### Description of the task
Beneath this line sits some data. Return only its lines from the one holding "Classic Red Black" through the one holding "Dicker Samt Damen", inclusive, exactly, with the images removed.

### Data extracts
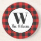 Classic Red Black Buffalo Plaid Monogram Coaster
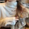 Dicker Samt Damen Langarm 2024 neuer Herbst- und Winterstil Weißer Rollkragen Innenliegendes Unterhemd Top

--

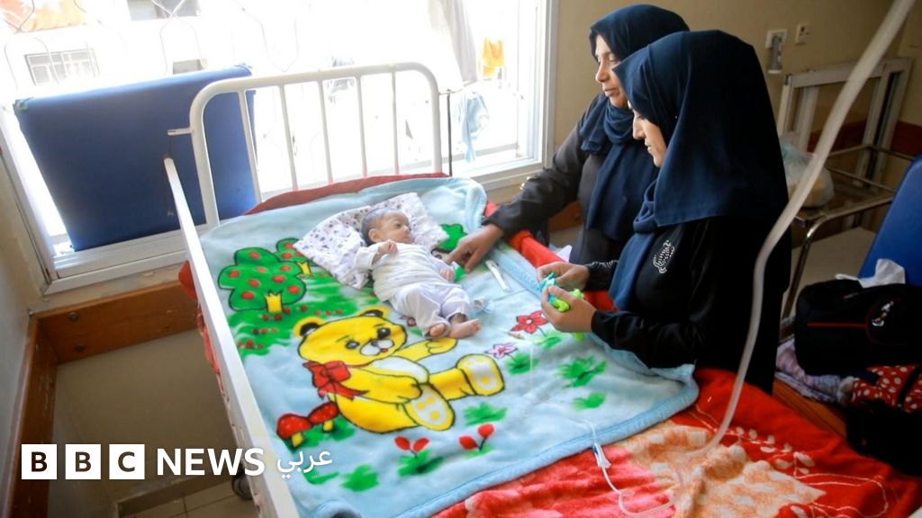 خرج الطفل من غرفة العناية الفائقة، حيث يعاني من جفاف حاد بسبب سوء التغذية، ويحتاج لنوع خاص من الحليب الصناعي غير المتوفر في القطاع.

==

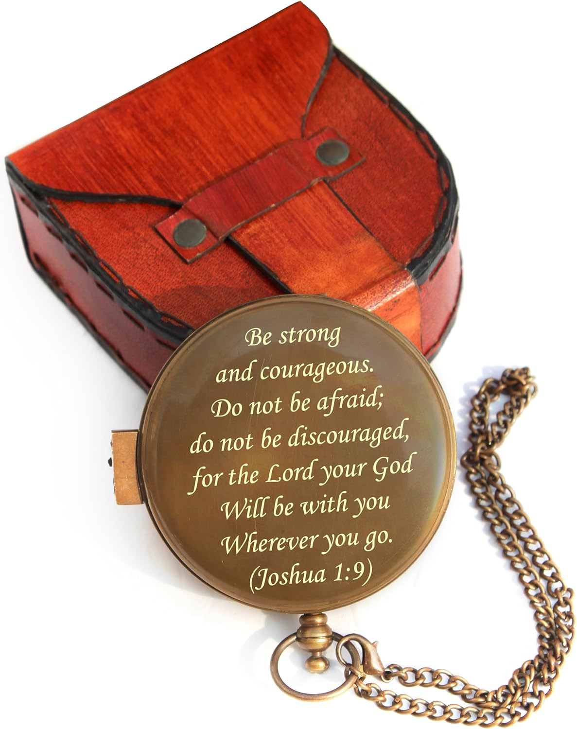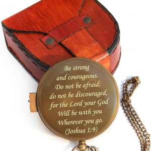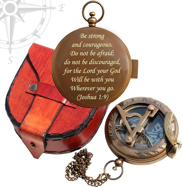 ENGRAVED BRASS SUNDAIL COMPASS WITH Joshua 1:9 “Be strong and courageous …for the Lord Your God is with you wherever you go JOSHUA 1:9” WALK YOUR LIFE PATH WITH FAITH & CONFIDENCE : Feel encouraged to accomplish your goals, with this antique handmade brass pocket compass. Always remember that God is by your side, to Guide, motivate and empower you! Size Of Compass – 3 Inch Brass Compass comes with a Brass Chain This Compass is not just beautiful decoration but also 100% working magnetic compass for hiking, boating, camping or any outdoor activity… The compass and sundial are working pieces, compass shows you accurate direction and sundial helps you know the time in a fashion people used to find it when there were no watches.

### Reply to the task
 Classic Red Black Buffalo Plaid Monogram Coaster
 Dicker Samt Damen Langarm 2024 neuer Herbst- und Winterstil Weißer Rollkragen Innenliegendes Unterhemd Top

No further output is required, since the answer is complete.